WASHINGTON, DC — Former executives for failed Signature Bank and Silicon Valley Bank were on the defensive at today’s Senate Banking Committee hearing over their efforts to lobby Republicans in Congress to gut key risk assessment safeguards under Dodd Frank in 2018 that ultimately contributed to their own demise.

 VIDEO HIGHLIGHTS: Chairman Sherrod Brown noted it was the Trump-era regulatory rollbacks under the direction of former Fed official Randal Quarles that allowed bank executives to take extreme risks at the expense of American consumers. Senator Elizabeth Warren called out the “successful” efforts of SVB’s CEO to lobby Congress to deregulate key Dodd Frank financial regulations and go on to recklessly take on too much risk. When asked directly by Warren, former Signature Bank Chairman Scott Shay admitted he won’t return the generous bonus he received after his bank collapsed.

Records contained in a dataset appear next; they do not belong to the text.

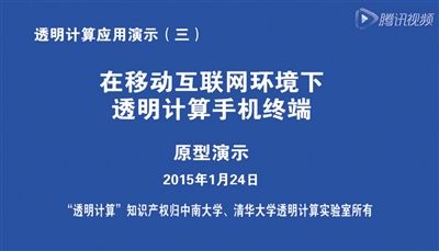 此前,张尧学在接受媒体采访时公布了“透明计算”成果演示视频,视频中注明“‘透明计算’知识产权归中南大学、清华大学透明计算实验室所有。”视频截图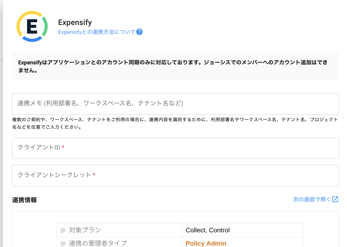 ジョーシスのアプリ連携ページでExpensifyを連携する手順です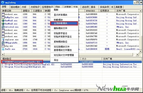 5)右键点击explorer.exe下加载的iconhandle.dll,将其全局卸载。(如图6)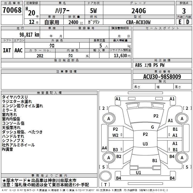 TOYOTA HARRIER 2008 г., лот № 70068

As government watchdog Accountable.US previously documented, SVB CEO and President Greg Becker “personally led” the bank’s $500,000 lobbying efforts to reduce financial regulations on capital requirements and stress tests. After Becker claimed the bank had a “low risk profile” while testifying against capital requirements, the bank did not have a Chief Risk Officer for eight months while the venture capital market was spiraling ahead of its collapse.

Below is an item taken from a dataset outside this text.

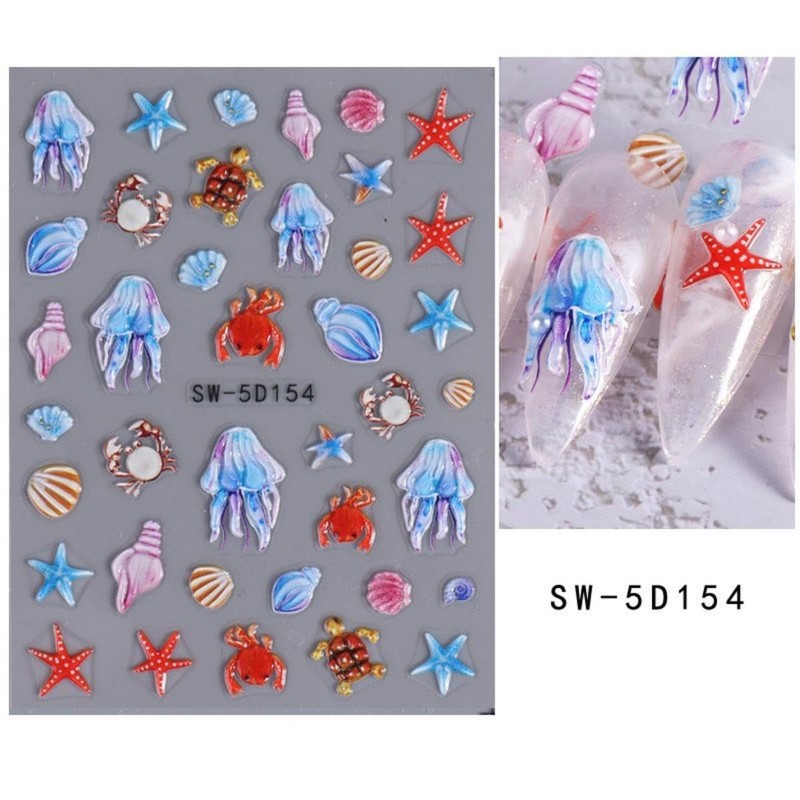 Ocean Nail Designs 5D Embossed Seashell Nail Stickers 3D Self-Adhesive Blue Starfish Summer Nail Decals with Designs Purple Jellyfish Coral Nails Manicure Accessories for Women 5 Sheets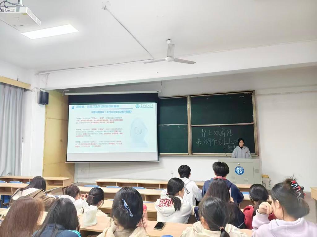 为激发大学生创新创业热情,培育勇于开拓的创业精神,近日,外国语学院统筹组织全院各班级开展“背上双肩包,来湖南创业吧!”主题班会,通过精准政策解读与资源优势介绍,为学子创新创业注入强劲动力。

Accountable.US has also documented how the 2018 Republican-led, financial industry-pushed, Trump-signed law that gutted Dodd-Frank’s risk-assessment safeguards for midsize banks gave a key Trump-appointed regulator–Federal Reserve Vice Chair Randal Quarles–all the “discretion” the former banker needed to drive “an overall cultural and practical shift in which banks expected, and got, more lax treatment from their supervisors” – paving the way for banks like Signature Bank SVB to take huge risks beyond their means without fear of real federal consequences.

The lesson Congress should take from the recent bank failures is that more oversight and safeguards are needed to keep the financial system stable – not less. Unfortunately, congressional Republicans that take millions from the financial industry have no regrets for gutting oversight of midsize banks in 2018 and giving more power to a Trump-appointed regulator who they knew was equally eager to do Wall Street’s bidding. The culture of hands-off banking supervision at the Fed instilled during the Trump administration led to mismanaged banks making riskier gambles they could not afford to lose. Letting the financial industry write their own rules has led to instability and economic harm time and again, yet the MAGA House Majority learned nothing from the latest consequences of right-wing financial deregulation. They see it only as an excuse to recklessly gut financial safeguards even further to the benefit of their big banking industry donors.”

Liz Zelnick, Director of Accountable.US’ Economic Security & Corporate Power.